If 'startup' to you means 21 year olds drinking beer in a studio and living on
ramen noodles and pizza, then yeah, you're WAY too old (what are you even
doing READING this site?).

If 'startup' means a way of you controlling your destiny, making a difference
in your life and the lives of others, being creative, and following your
passions, then you're not too old.

------
jdp23
Not at all. I was 31 when I did my first startup, and I know people who have
been in their 40s and 50s. You're never too old.

------
roxstar
Speaking from a younger persons point of view: what about being 26 would make
you worse than say a 21 year old at starting a startup?

If you are supporting other people it may be quite a bit harder but if you are
basically only supporting yourself I would see age as an advantage as you have
more experience in dealing with problems and more solutions available.
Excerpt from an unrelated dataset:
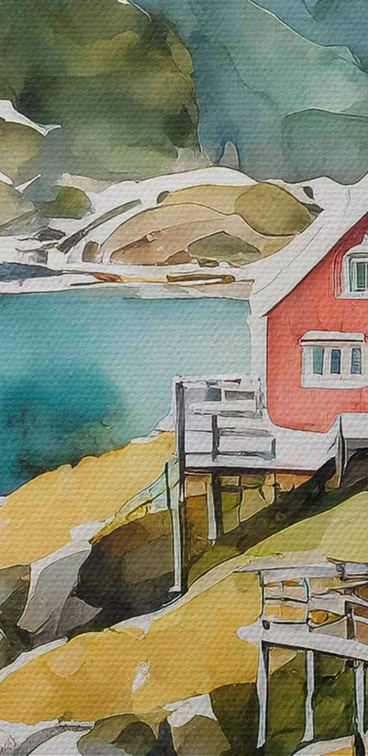 Runde Wandbilder Aquarell von Häusern auf einem Hügel neben einem Stausee r36678

Age to me seems like a silly thing to prevent you from starting a business it
is the other things in like that should be taken into consideration.

------
agnesberthelot
Never too old ... my partner is 38 and I am 46. Physical age is not that
important as long as you have the drive and desire in you.

------
Dramatize
Go listen to all the Mixergy.com interviews.

You'll see that people who create startups come in all ages and walks of life.

------
wolfrom
I find that my first two attempts at "startups" floundered (and eventually
foundered) due in large part because I was too "young" (i.e., immature). I
lacked confidence in what I was doing, and I always felt like I wasn't old
enough to bring in real customers.

We'll see if startup #3 does any better (having a strong cofounder has
certainly helped), but I think I can already say that there's no way our
early-20s selves would have gotten this far (the two of us just weren't ready
for it).

------
vannevar
The average age of a tech startup founder is around 40
([http://www.newsweek.com/2010/08/20/innovation-grows-among-
ol...](http://www.newsweek.com/2010/08/20/innovation-grows-among-older-
workers.html)).

So no, you've got a few good years left.

------
krmmalik
26 is not old at all. Most people who have successful start-ups actually start
in their 30s

------
brianwillis
PG was 30 when he started with Viaweb. I wouldn't worry about being 26.

------
mindcrime
W-w-what? That doesn't even make sense. Of course not, there's no specific age
where you're "too old" to do a startup. If you're still alive, you're young
enough. Now get cracking.

------
erinhaze
No

------
austinnobody
yes